● Work item
Produce a word-for-word copy of the listing below without its pictures.

● Data for review
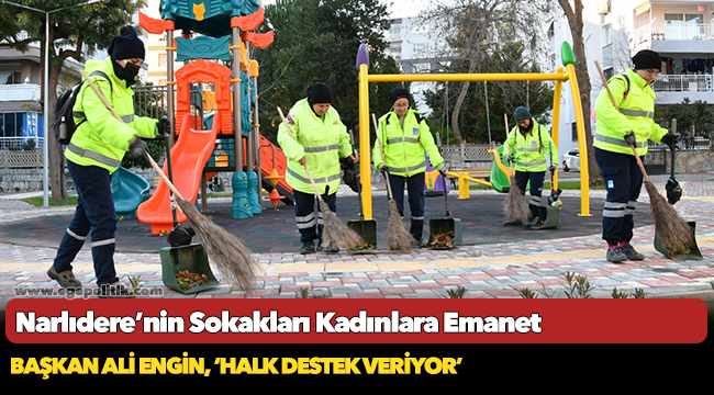Narlıdere Belediyesi Temizlik İşleri Müdürlüğü’nün bünyesindeki kadın personeller, ellerindeki süpürgelerle sokakları temizliyor. Park ve kaldırımlar başta olmak üzere tüm kamusal alanların temizliğinden sorumlu olan 28 kadın personel, görevini en iyi şekilde yerine getiriyor. Kadınlara en büyük desteği ise Narlıdere halkı veriyor.
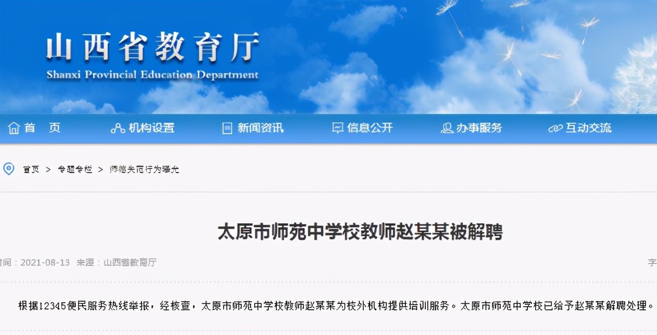 据山西省教育厅网站,山西3名教师因在校外组织学生有偿补课、为校外机构提供培训服务等被解聘。 ​​​
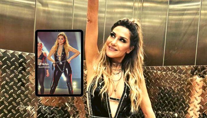 Χθες μάλιστα, η Δέσποινα Βανδή ανέβηκε στη σκηνή φορώντας μια μαύρη ολόσωμη φόρμα με ανοίγματα, δημιουργία της Σίλιας Κριθαριώτη, ενώ κρατούσε κι ένα μαστίγιο στο χέρι.
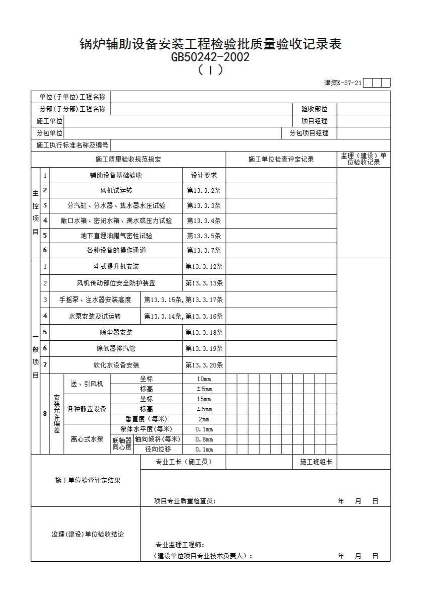 表格名称:津资K-S7-21 锅炉辅助设备安装工程检验批质量验收记录表
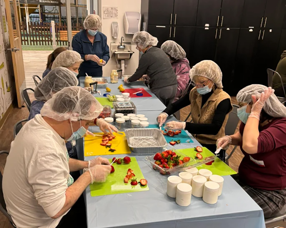 Friendship Circle’s members and volunteers are involved in every aspect of the process—from peeling vegetables and mixing homemade soup to baking quiches and packing the bags for delivery. Gathering at LifeTown every Tuesday and Wednesday, they prepare close to 200 Shabbat kits and the additional 20 to 40 specially curated Bikur Cholim brunch bags for patients in local hospitals and those recovering at home. About a dozen of LifeTown’s nearly 1,000 volunteers pitch in to help from start to finish.
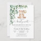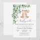Celebrate the upcoming arrival of Baby Elizabeth with this adorable teddy bear baby shower invitation. Featuring a whimsical bear holding a balloon surrounded by soft greenery, this charming design sets the perfect tone for a joyful gathering. The playful "we can bearly wait- phrase adds a sweet touch, while the elegant layout ensures your event details shine. Ideal for parents-to-be, this invitation blends cute illustration with modern style, making it a memorable keepsake for guests. Perfect for baby showers, gender-neutral themes, and nature-inspired celebrations.
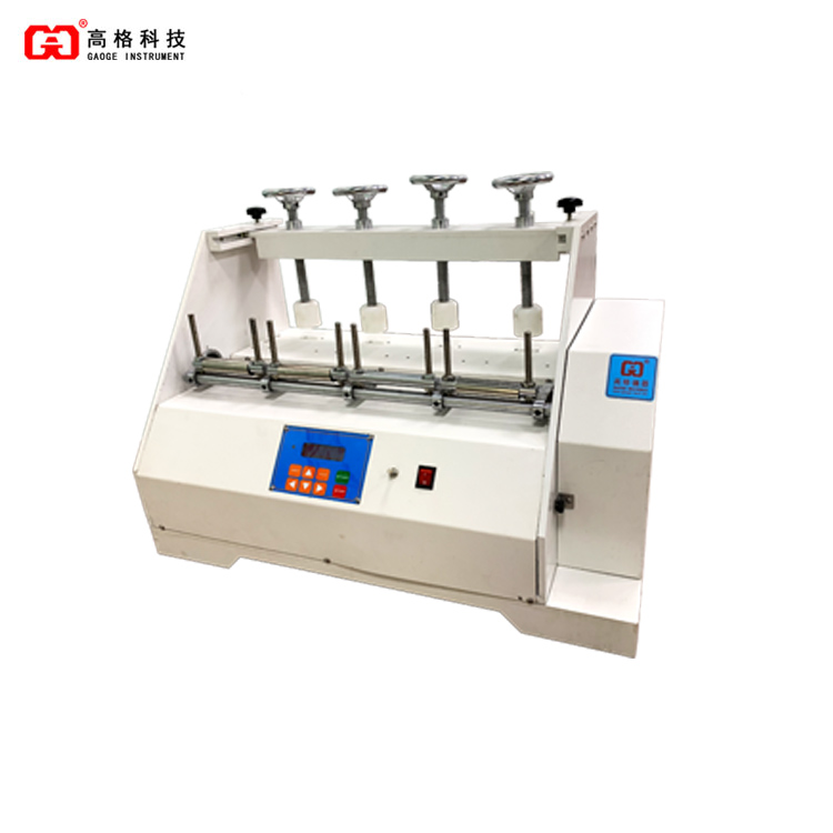 使用本机时,先在鞋底测试时之最大弯折处,刺穿若干指定孔,然后以本机夹具固定鞋底两端,夹具一为固定,一为活动,测试时夹具中间之圆轴反复凸起,用以弯折鞋底,弯折一定次数后,以放大镜检视鞋底耐伸展程度。具有断电记忆功能。

● Output for this exercise
Narlıdere Belediyesi Temizlik İşleri Müdürlüğü’nün bünyesindeki kadın personeller, ellerindeki süpürgelerle sokakları temizliyor. Park ve kaldırımlar başta olmak üzere tüm kamusal alanların temizliğinden sorumlu olan 28 kadın personel, görevini en iyi şekilde yerine getiriyor. Kadınlara en büyük desteği ise Narlıdere halkı veriyor.
 据山西省教育厅网站,山西3名教师因在校外组织学生有偿补课、为校外机构提供培训服务等被解聘。 ​​​
 Χθες μάλιστα, η Δέσποινα Βανδή ανέβηκε στη σκηνή φορώντας μια μαύρη ολόσωμη φόρμα με ανοίγματα, δημιουργία της Σίλιας Κριθαριώτη, ενώ κρατούσε κι ένα μαστίγιο στο χέρι.
 表格名称:津资K-S7-21 锅炉辅助设备安装工程检验批质量验收记录表
 Friendship Circle’s members and volunteers are involved in every aspect of the process—from peeling vegetables and mixing homemade soup to baking quiches and packing the bags for delivery. Gathering at LifeTown every Tuesday and Wednesday, they prepare close to 200 Shabbat kits and the additional 20 to 40 specially curated Bikur Cholim brunch bags for patients in local hospitals and those recovering at home. About a dozen of LifeTown’s nearly 1,000 volunteers pitch in to help from start to finish.
Celebrate the upcoming arrival of Baby Elizabeth with this adorable teddy bear baby shower invitation. Featuring a whimsical bear holding a balloon surrounded by soft greenery, this charming design sets the perfect tone for a joyful gathering. The playful "we can bearly wait- phrase adds a sweet touch, while the elegant layout ensures your event details shine. Ideal for parents-to-be, this invitation blends cute illustration with modern style, making it a memorable keepsake for guests. Perfect for baby showers, gender-neutral themes, and nature-inspired celebrations.
 使用本机时,先在鞋底测试时之最大弯折处,刺穿若干指定孔,然后以本机夹具固定鞋底两端,夹具一为固定,一为活动,测试时夹具中间之圆轴反复凸起,用以弯折鞋底,弯折一定次数后,以放大镜检视鞋底耐伸展程度。具有断电记忆功能。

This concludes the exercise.